Ich schaffte noch drei oder vier Runden, dann fing auch ich an zu schwächeln. Ich dachte, das wars und das Laufen war für mich beendet. Ich zog mir etwas drüber und kuschelte mich in meinen Schlafsack, etwas enttäuscht, dass ich abbrechen musste. Aber nachdem ich mich eine Stunde ausgeruht und etwas gegessen hatte, spürte ich wieder Energie und stellte mich wieder an den Start und lief bis zum Schluss.
Ich lief an diesem Tag (für mich) unglaubliche 26 km! Es waren zwar einzelne Etappen, aber es war sogar mehr als ein Halbmarathon. Als mir das klar wurde, hatte ich einen Kloß im Hals.

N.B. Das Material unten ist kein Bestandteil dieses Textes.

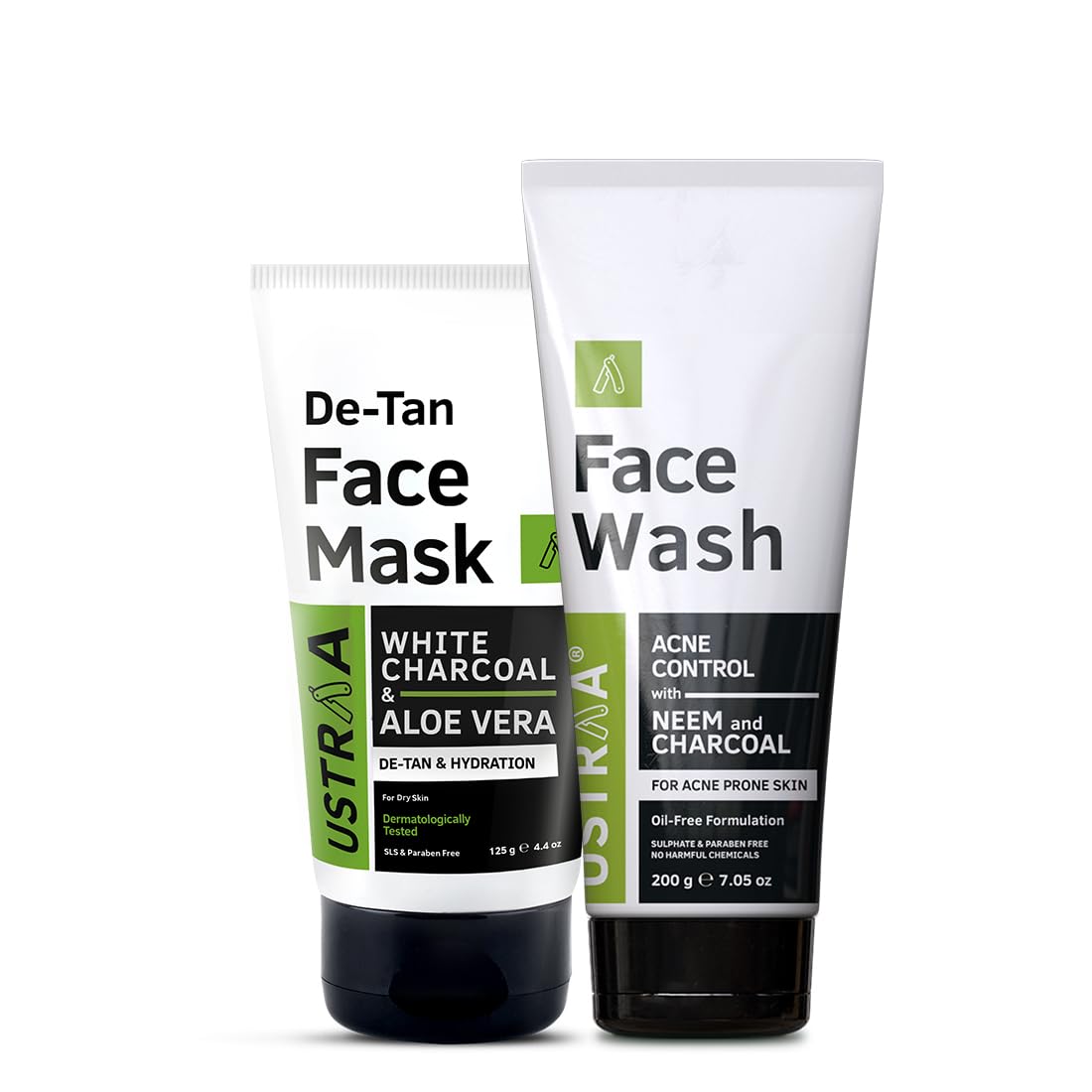 Ustraa De-Tan Face Mask - Dry Skin - 125g - Wash-off mask | Effectively Removes Tan & Pollutants & Face Wash Acne Control - With Neem & Charcoal - 200g - Controls Oil | Prevents Acne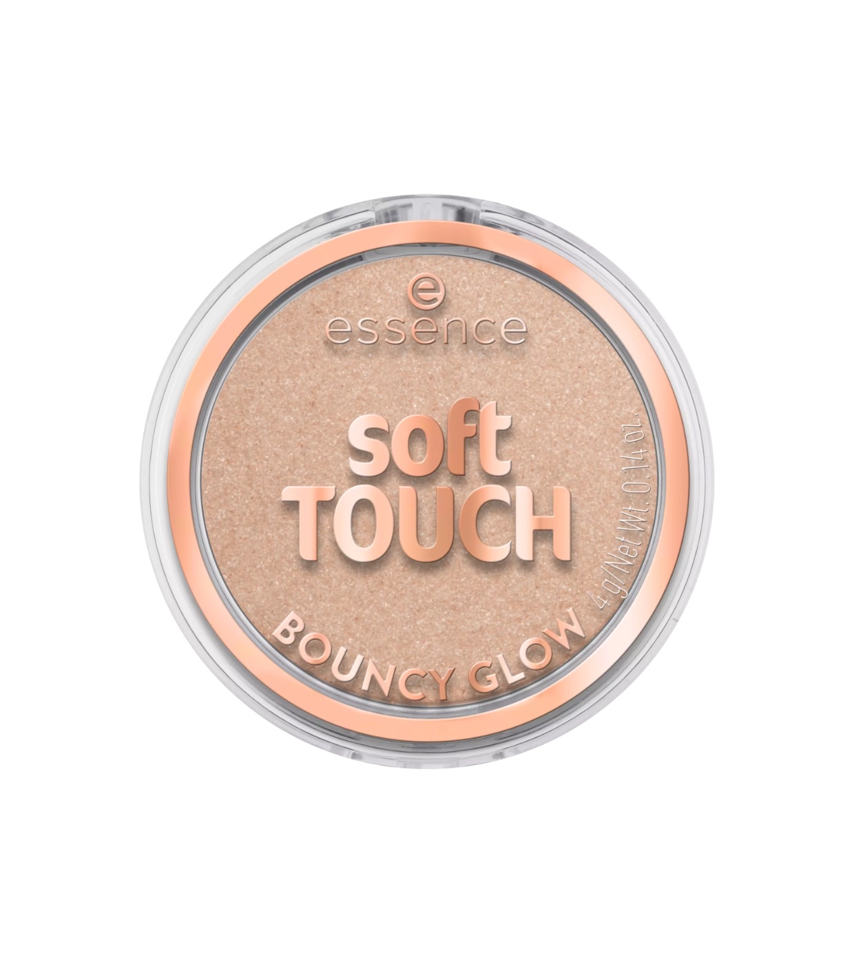 Essence Soft Touch Bouncy Glow é um iluminador inovador com uma textura flexível e sensorial que se transforma em um acabamento sedoso e em pó após a aplicação.

Selbstsabotage und Mindset
Hätte ich vorher drüber nachgedacht, wieviele Kilometer das insgesamt sind, hätte ich nicht geglaubt, dass ich es schaffen kann-und hätte es sicher auch nicht geschafft. Ich habe mich ausgetrickst, ohne es zu merken und dadurch etwas gemacht, was ich nicht für möglich hielt. Alles, was man braucht, ist das richtige Mindset. Ich freu mich schon auf das nächste 24Stunden-Rennen und weiß beim nächsten Mal, dass ich es schaffen kann.